◆ Exercise:
Copy every record below exactly as written, but leave out the pictures.

◆ Exercise data:
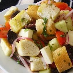 Kalamata olives add a mouthwatering flavor to this classic Italian bread salad with fontina cheese, tomatoes, and cucumber.
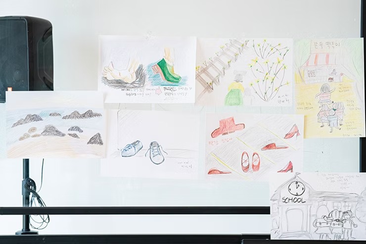 사각사각, 고요한 강의실이 연필 소리로 가득한 지 얼마나 지났을까. 이제 모두의 작품을 함께 감상하는 시간이다. 각양각색의 신발 여러 켤레, 할머니와 개나리, 길거리 떡볶이를 먹는 아이들의 모습 등, 다들 각기 다른 이미지를 그려 냈다. 이미지도, 색상 취향도 다르지만 무엇을 표현했는지, 왜 이 색상을 골랐는지 이야기하는 과정에서 서로의 기억을 자연스레 공유하고 공감한다. 그림을 매개로 일상의 치유를 경험하는 순간인 것이다.
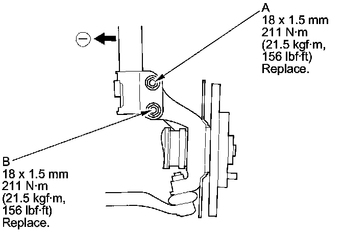3. Hold the adjusting bolt (A) on lower arm B, and remove the self-locking nut (C).
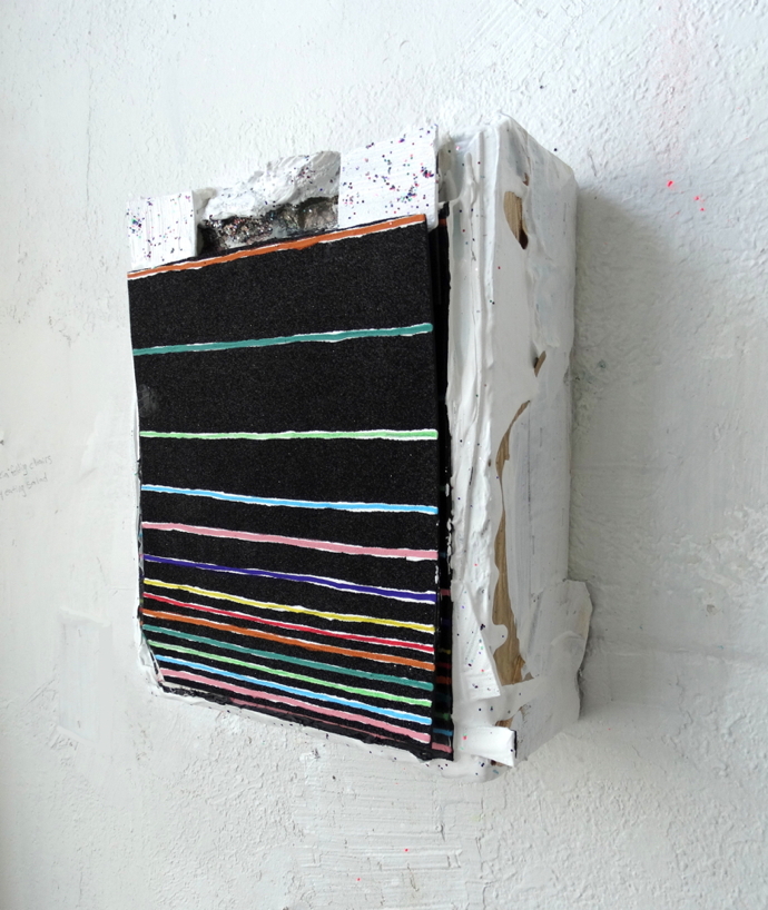 Patience 2014. gesso, acrylic, sparkle foame, paint marker, and super gel on canvas adhered to wood panel. 12.5in x 10.5in
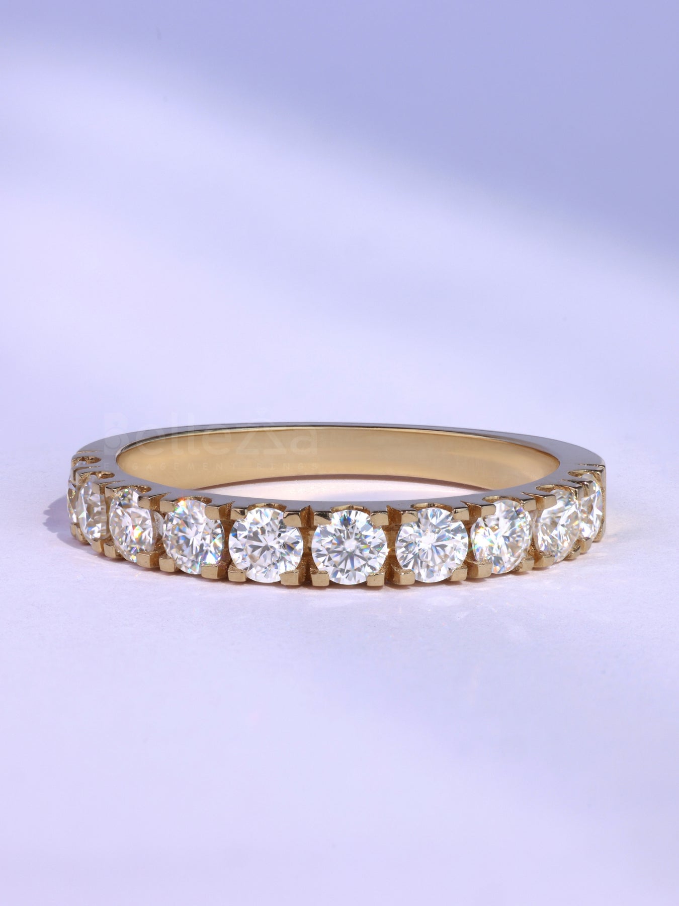 Round Cut Diamond Pave Setting Half Eternity Wedding Band
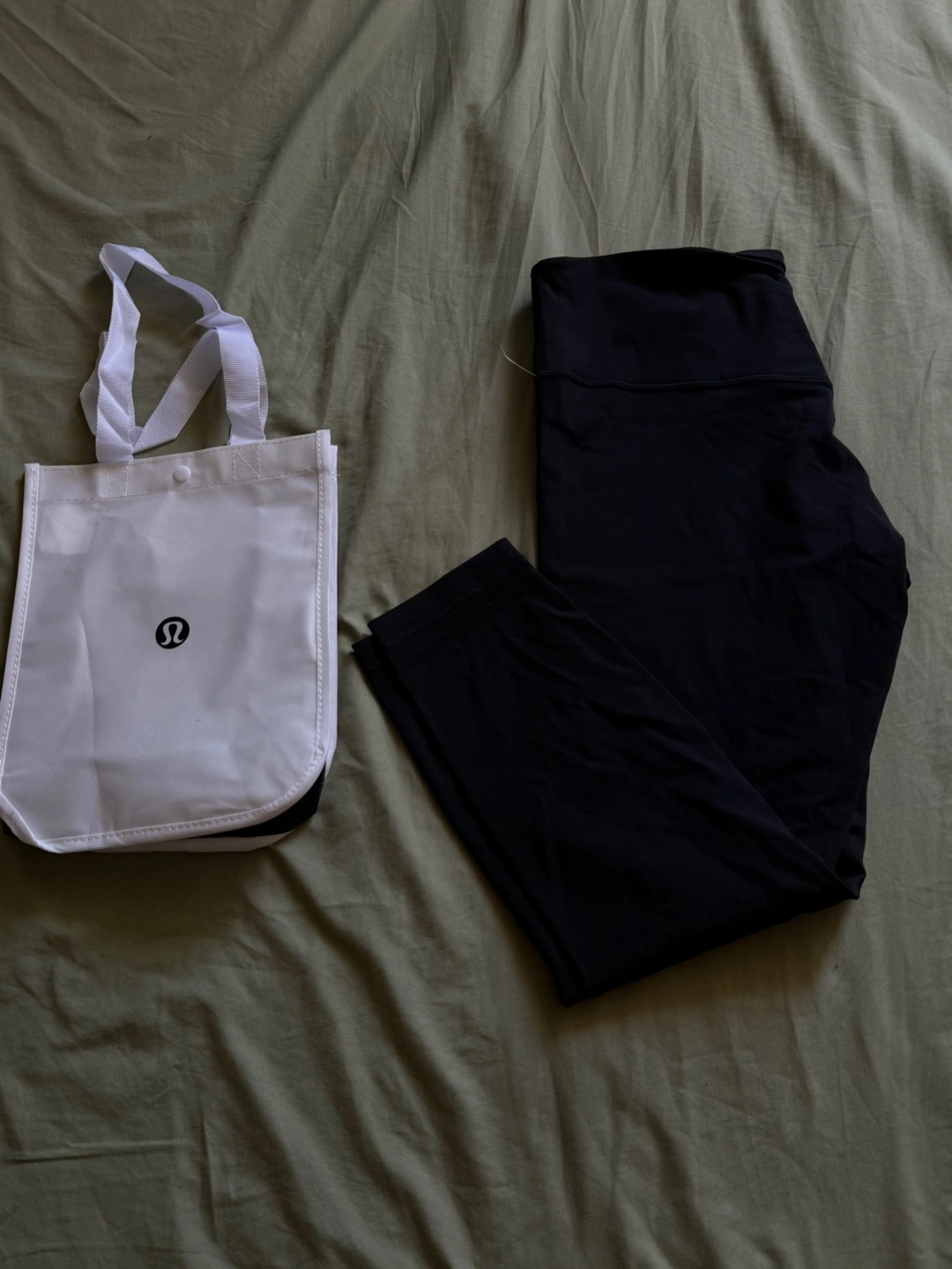 Lululemon black cropped leggings. High-waisted, and perfect for yoga or workouts. Includes a Lululemon shopping bag.

◆ Output:
 Kalamata olives add a mouthwatering flavor to this classic Italian bread salad with fontina cheese, tomatoes, and cucumber.
 사각사각, 고요한 강의실이 연필 소리로 가득한 지 얼마나 지났을까. 이제 모두의 작품을 함께 감상하는 시간이다. 각양각색의 신발 여러 켤레, 할머니와 개나리, 길거리 떡볶이를 먹는 아이들의 모습 등, 다들 각기 다른 이미지를 그려 냈다. 이미지도, 색상 취향도 다르지만 무엇을 표현했는지, 왜 이 색상을 골랐는지 이야기하는 과정에서 서로의 기억을 자연스레 공유하고 공감한다. 그림을 매개로 일상의 치유를 경험하는 순간인 것이다.
3. Hold the adjusting bolt (A) on lower arm B, and remove the self-locking nut (C).
 Patience 2014. gesso, acrylic, sparkle foame, paint marker, and super gel on canvas adhered to wood panel. 12.5in x 10.5in
 Round Cut Diamond Pave Setting Half Eternity Wedding Band
 Lululemon black cropped leggings. High-waisted, and perfect for yoga or workouts. Includes a Lululemon shopping bag.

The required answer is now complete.